Category Archives: Coping skills

My week

Image plane in flight

I tried hosting a session on sharewell, sharewellnow.com, a site for peer support. My session was supposed to be on coping with psychosis and/or mood disorders, but no one came so it was cancelled. I am going to try another session sun 6/26 on Coping with Social Anxiety. Hopefully, someone will come. https://sharewellnow.com/session/c7aba3cd-0dcb-44d5-b36a-1ed85d28eefe

I went to visit my sister in Boston for a week. It was fun. We saw some historic sites, had great meals, and just hung out. I talk with her all of the time, but it is different being in person. I actually adjusted to the time change, 3 hrs, pretty well. It was a direct flight which made it easy. I know nothing about flying, forget to take out my ipad from luggage at security point and take off shoes. I couldn’t figure out how to stream video. I slept, looked out the window and waited. I had rides to and from airport that went smoothly.

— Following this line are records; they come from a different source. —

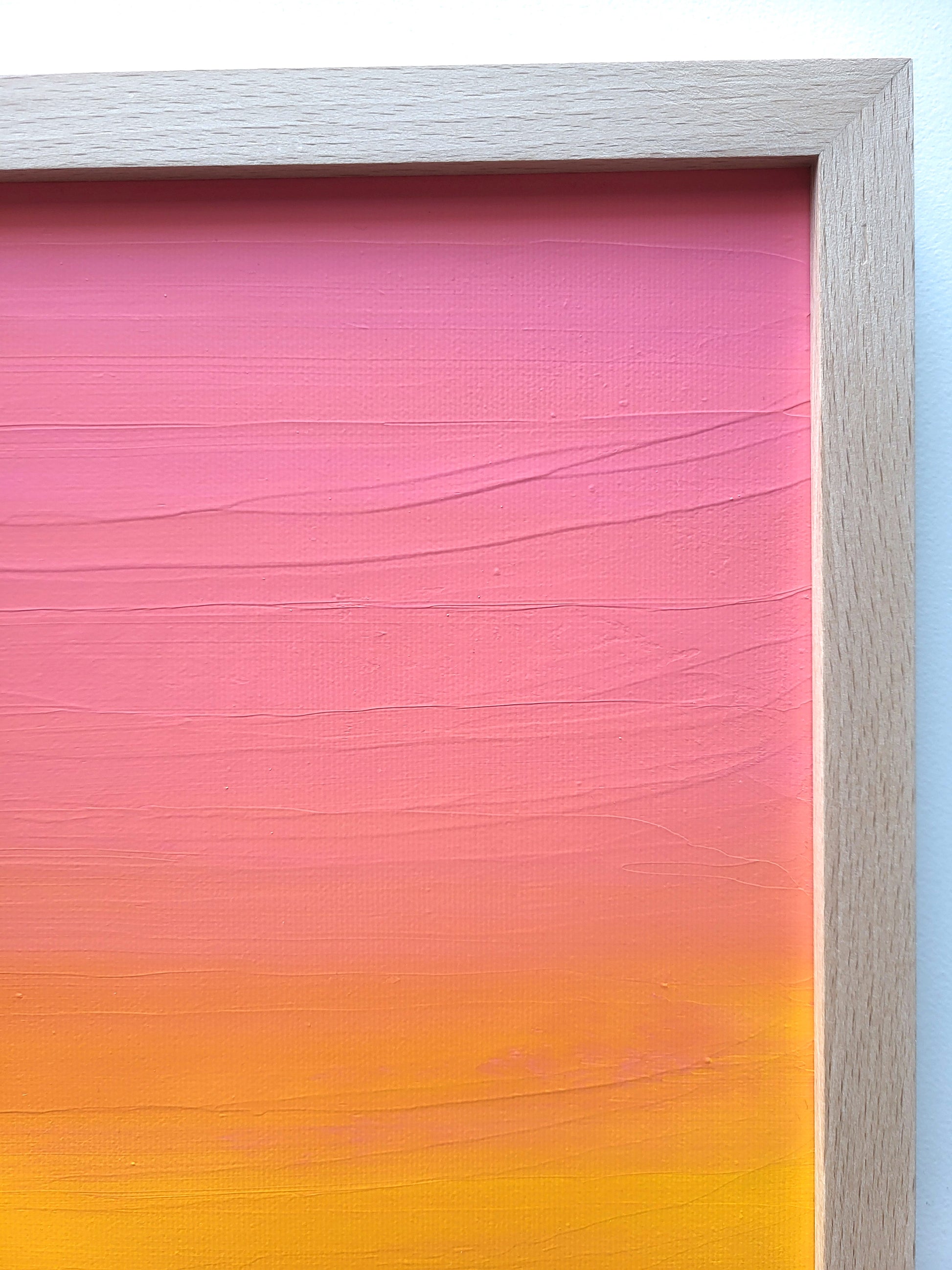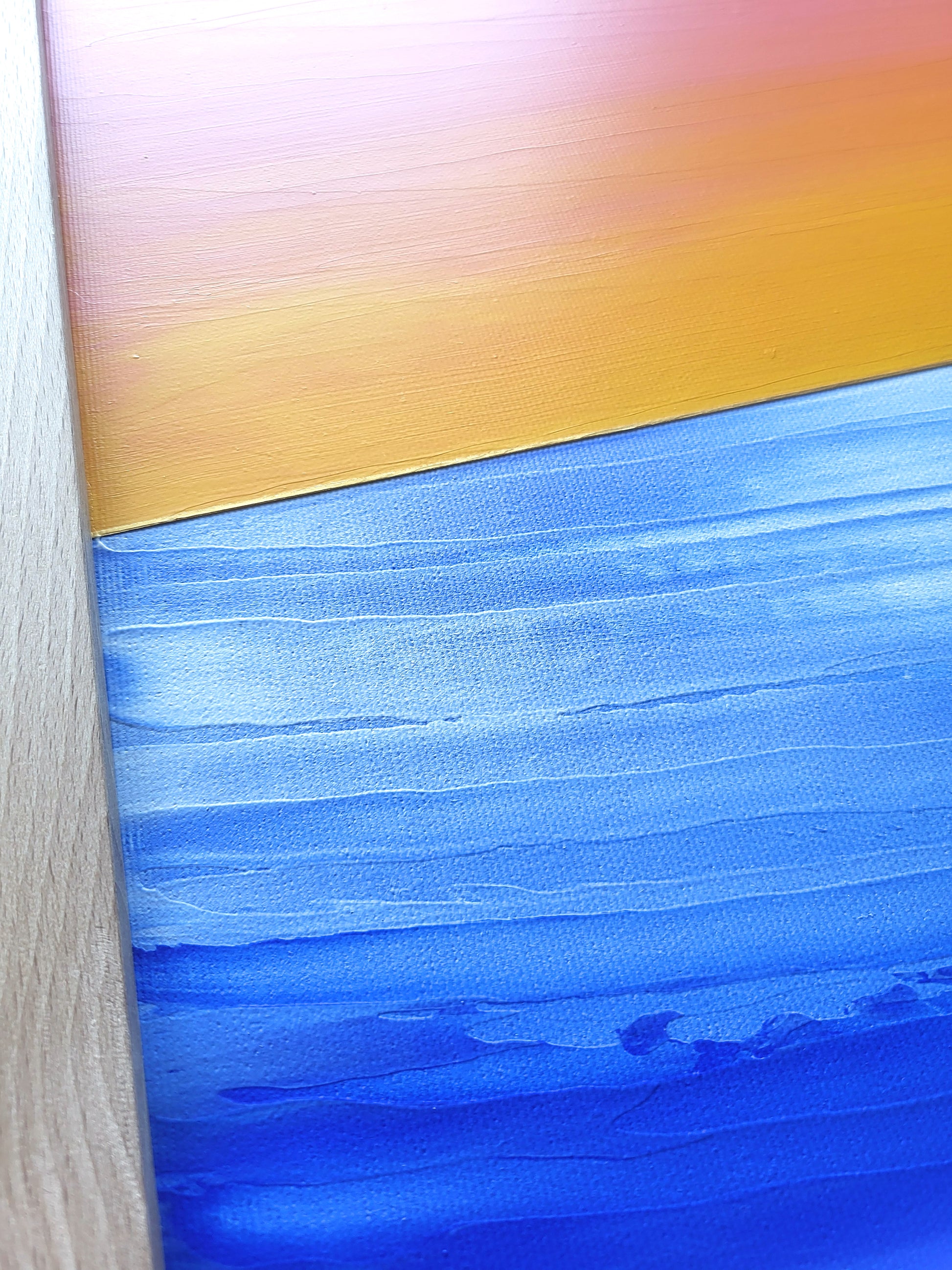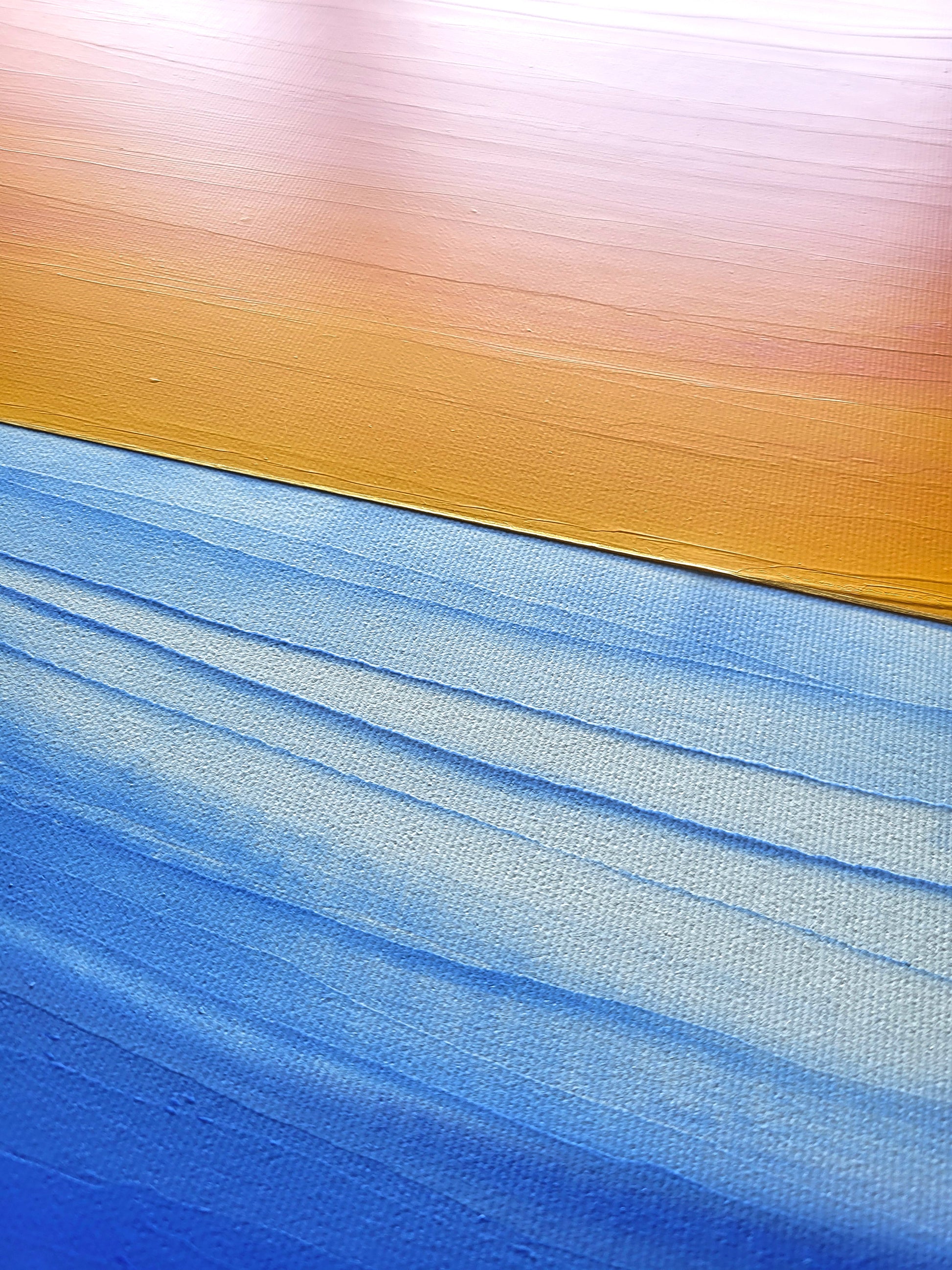 Jeziorne wody pełne słonecznego światła... Abstrakcyjny pejzaż w głębokich niebieskościach i ciepłych odcieniach różu oraz żółci z elementami złotej metalicznej farby.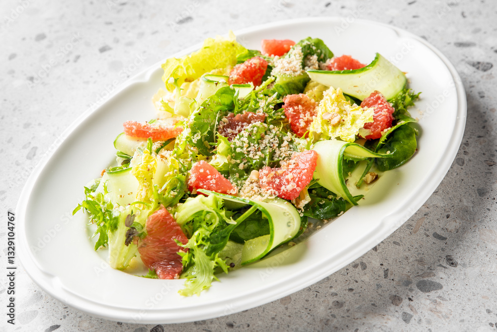 A fresh salad featuring mixed greens, grapefruit segments, and cucumber ribbons, elegantly presented on a white platter against a textured gray background.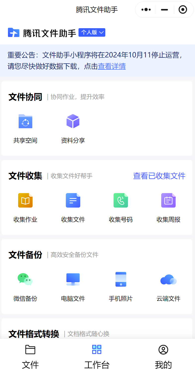 昨日(5日),腾讯文件助手突然发布公告,文件助手小程序及web页面将在2024年10月11日停止运营。

I am having more insurance issues. My therapist from last year emailed me that she did not get reimbursed. She is billing the wrong insurance company. I explained that and that I am stressed with the new insurance company. She was nice about it, said she will not bill me and will get back to me.Speaking of insurance, I have to have a root canal and don’t know how much will be covered, I am seeing an endodontist.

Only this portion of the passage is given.